The World As I See It One woman's opinion on local, state, nation and world-wide events

2Oct/110

Behavior has consequences

On September 30, 2011, the San Francisco Chronicle ran an op-ed penned by two California Nurses Association (C.N.A. and affiliated with the AFL-CIO) members.  They were identified as Genel Morgan and Rita LaBarge, RNs at Mills-Peninsula Hospital and Alta Bates Summit Medical Center respectfully.  They wrote this op-ed in response to what they viewed as a growing black lash against their public theatre held in the name of Judith Ming, a patient that died due to a nursing error that occurred at Alta Bates Summit Medical Center in the early morning hours after the C.N.A. organized one-day strike.

They begin their op-ed, entitled “C.N.A. members: Nurses protect patients”, with the following statement “To suggest that nurses who fight to provide safe care every minute of every day are using the death of one of our patients for our own gain is genuinely disturbing. One only has to view the video of the candlelight vigil held honoring Judith Ming to recognize the palpable grief in all our faces as we honored the life of a patient caught in the crosshairs of a system gone awry.”

This statement just about says it all when it comes to why so many nurses like myself and the public-at-large haven’t exactly been singing the C.N.A. praises about their behavior during the one-day strike and subsequent four-day lock out.  A patient, a human being, died a tragic death and the C.N.A. nurses and their leadership

  • First, call for an investigation via a press release,
  • Second, hold a candlelight vigil in the name of the patient, announcing this “exhibition” of sorrow through yet another press release and then for good measure videotape and post it for all the world to see, and
  • Third, begin a campaign to vilify the nurse that made the nursing error because we all know that “replacement” nurses aren’t real nurses just like substitute teachers aren’t real teachers, and doctors covering another doctor’s shift aren’t real doctors and so on.

Stay at the bedside long enough, and I have a couple of decades under my belt, and you see your share of nursing and medical mistakes.  I’ve even stopped similar mistakes as the one reported to have occurred at Alta Bates Summit Medical Center.  My readers may also recall the heparin overdoes that occurred in a number of pediatric patients not that long ago at Cedars-Sinai Medical Center.  Then there was the nursing error at St. Mary’s Hospital in Madison, WI that lead to the death of a 16-year old mother who was at the hospital to deliver her child.  In this case Nurse Thao, an experienced Labor & Delivery nurse, gave the mother an epidural anesthetic via IV causing the mother the have seizures and eventually die.  Our nursing literature is rife with cautionary tales of nursing errors narrowly avoided or of those not caught that ended in tragic outcomes.  Which is why, I found the C.N.A.’s crocodile tears about this tragic event so repugnant, because just when you think they can’t stoop any lower, they do.  One must ask oneself have they no shame – apparently not!

Like falling dominos, the C.N.A. and their members set in motion a series of events when they walked away from their assignments to hold their one-day strike.  They did so fully informed that should they hold their one-day strike those that didn’t report to work would face an additional four-day lockout so the hospital could meet its commitment to the 500 nurses that had been hired to cover the shifts of the striking nurses.  Neither party was engage in any thing nefarious.  The nurses, aggrieved with the state of the contract negotiations issued an intent to strike and when strides weren’t made (in their opinion) they held their strike – all legal and above board.  Alta Bates Summit Medical Center in turn, unlike a grocery store or office couldn’t just close up shop and send the patients home for a day.  Their only option was to hire registry/travel nurses to cover the one-day strike.  However it’s not realistic that the hospital bring 500 nurses from across California and the country just for one-day so they did what most hospitals in the same situation would do, they gave these nurses a five-day contract.  In turn they informed the nurses that walked away from their assigned shifts that they wouldn’t be allowed to return for an additional four-days, this rule didn’t apply to nurses that weren’t scheduled to work the day of the strike -- all legal and above board.

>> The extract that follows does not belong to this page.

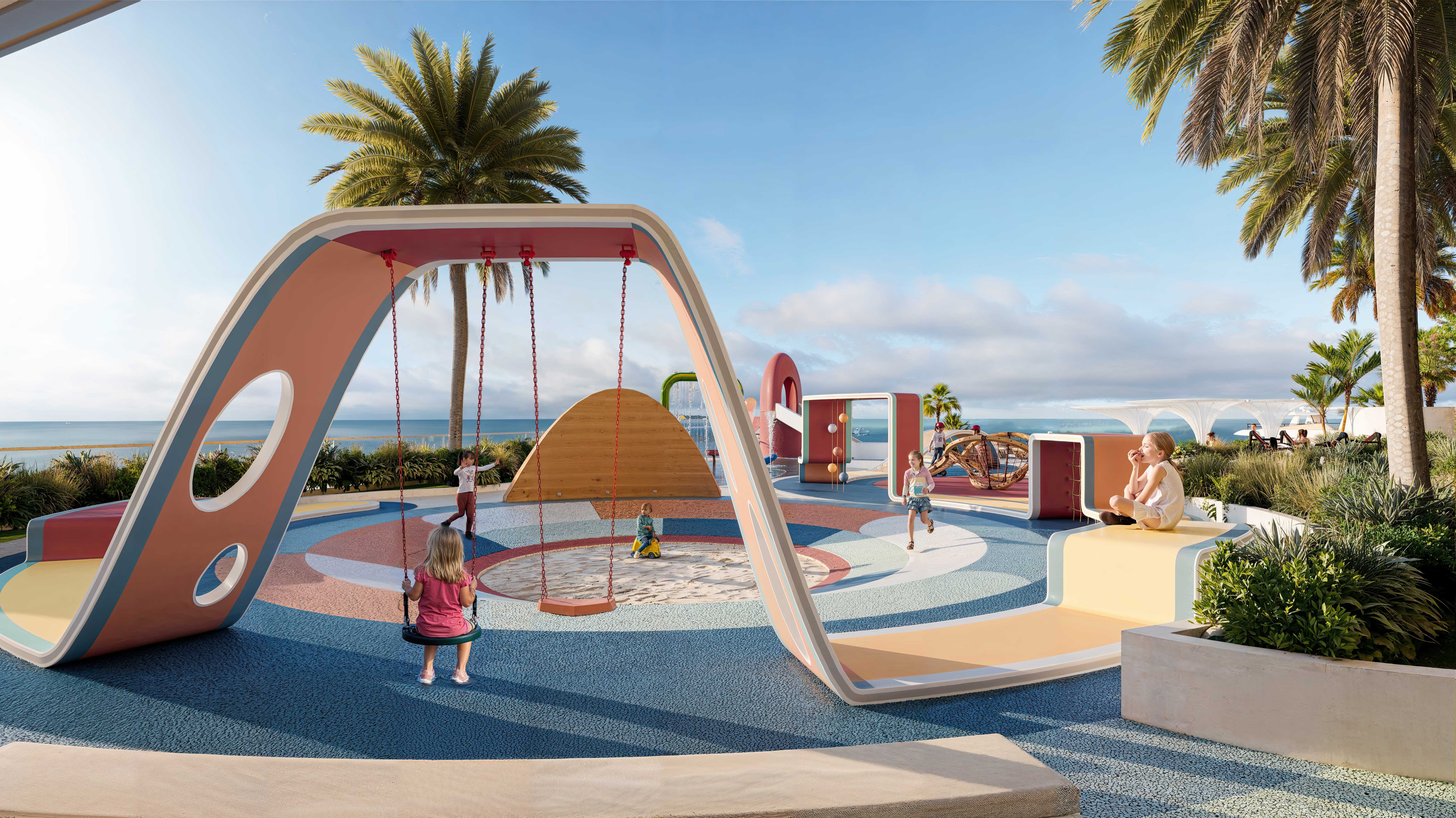 breeze, creating a distinctive silhouette on the skyline. The tower’s flowing lines and resort-inspired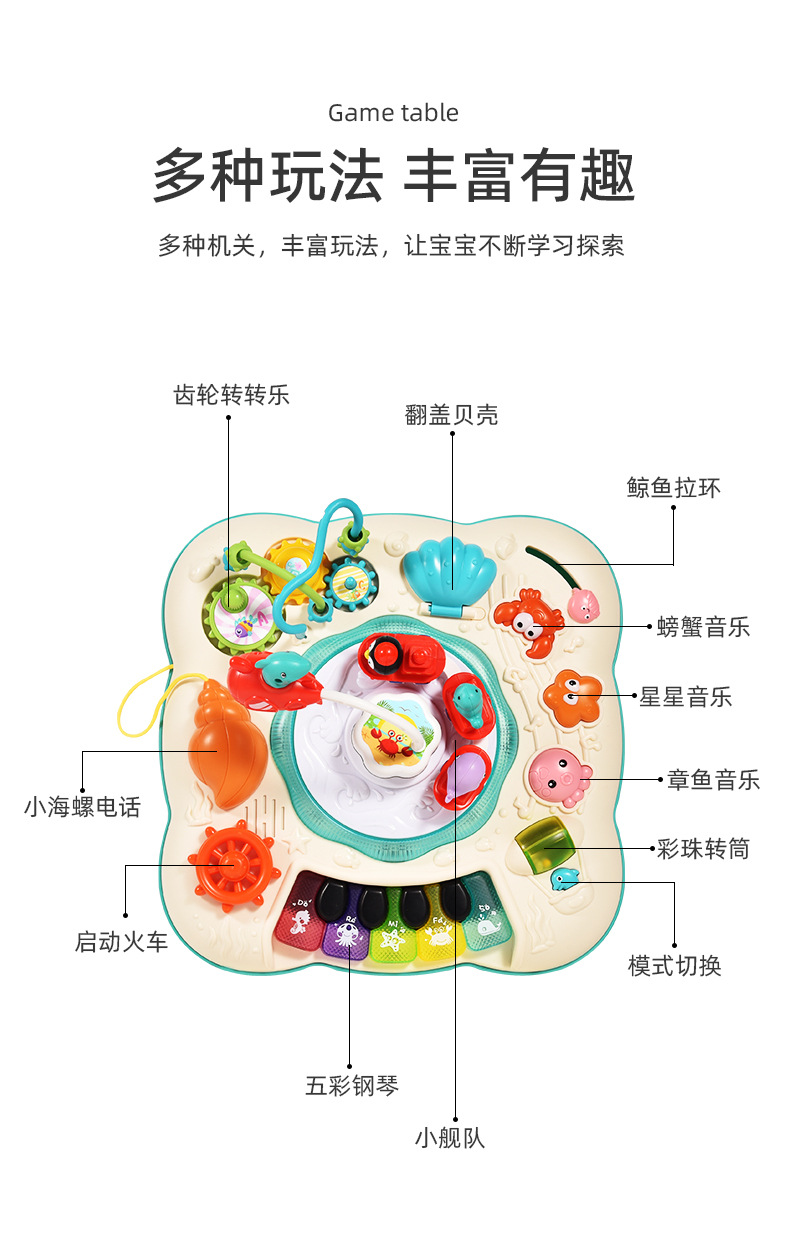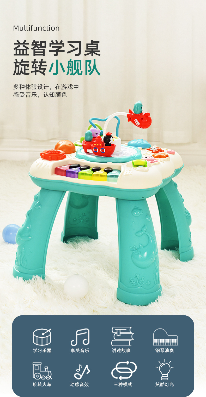 Новый обучающий стол для детей 0-3 лет, многофункциональная музыкальная игрушка с вращающимся флотом

Whether what happened at Alta Bates Summit Medical Center was a case of catheter confusion, some other nursing oversight, human error, or negligence we’ll have to wait for the conclusions of the various investigations that are ongoing.  The C.N.A. instead of vilifying the hospital or offending nurse should be actually asking how they can help ensure that nursing errors such as the one that occurred never happen again.  Instead they chose to publish op-eds about their anguish, or issue quotes about “if only I had been allowed to return to work my shift the day after the walk-out, and posting videos of candlelight vigils to the web, giving lip service to patient advocacy.  I think it’s important to note that this is the same group that has reportedly held 100 strikes over the past three years.  Which makes it all the more important to remind the C.N.A. and their nurse members that behavior has consequences.